Вера, вторая по старшинству, училась с Галей. Один класс, одна дорога домой, несомненно, обстоятельства сблизили девчонок. И Галя от чистого сердца зовёт одноклассницу как-то после уроков зайти к ней домой. В палисаднике расцвёл цветочек, и ей хотелось поделиться радостью, пусть и Верка посмотрит на красоту!


 Верка посмотрела, и не успела хозяйка чуть глянуть в сторону, как гостья сорвала цветок и кинулась наутёк! Галя никак не ожидала, что Давыдова, которую она пригласила, как человека, окажется на деле настоящей гадюкой.  Разве так октябрёнок может поступать? Девочка тронула рукой значок с изображением маленького Ленина приколотый на фартучке, словно призывая юного вождя в свидетели. Разумеется, не должен, но свершившийся минуту назад факт, доказал, что может.


 Верка, казалось, не бежала, а порхала, настолько была она худенькой и лёгкой. Понимая всю бесполезность погони, всё ж таки Галя не такая прыткая, как воровка с Зелёной улицы. И вгоняя в слова всю горечь, малолетняя хозяйка закричала во весь голос точно так, как это делала её мамка, ругаясь с какой-то бабой: «Беги, беги и будь ты проклята! И чтоб твоей ноги в моём дворе больше не было!»


Проклятая первоклассница ехидно хихикала, откровенно играя на нервах доверчивой, как сейчас бы сказали детки, лохушки. Абсолютно не скрывая удовольствия от совершённой подлости. Октябренок, без октябрятской чести и совести, довольный умчался восвояси.

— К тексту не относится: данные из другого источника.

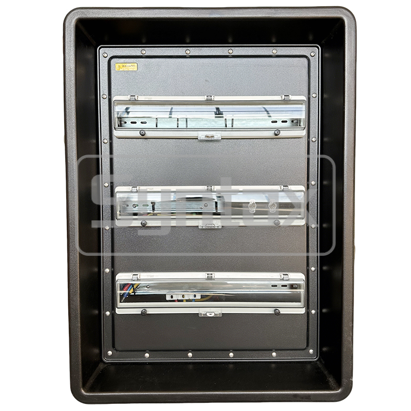 | 出発する1〜6 | 6×3P 16A 220V IP67 パネルマウントソケット, 6×1P+N 16A 30mA RCBO で保護 |

Чтоб всё-таки торжествовала справедливость, надо сказать, что Давыдова Вера наряду с неблаговидными поступками, могла совершить и хороший. Вот как-то уживалось в ней и такое, и такое.


Одноклассницы были уже намного старше и давнюю шалость, как сорванный цветочек, никто не помнил. Умы, входящих в возраст девчат, беспокоили проблемы куда более важные, связанные с противоположным полом, но кушать хотелось и тогда. И Верка предложила, мол, пойдём ко мне и намажем батон сливочным маслом и съедим. Пойдём! Как тут устоишь?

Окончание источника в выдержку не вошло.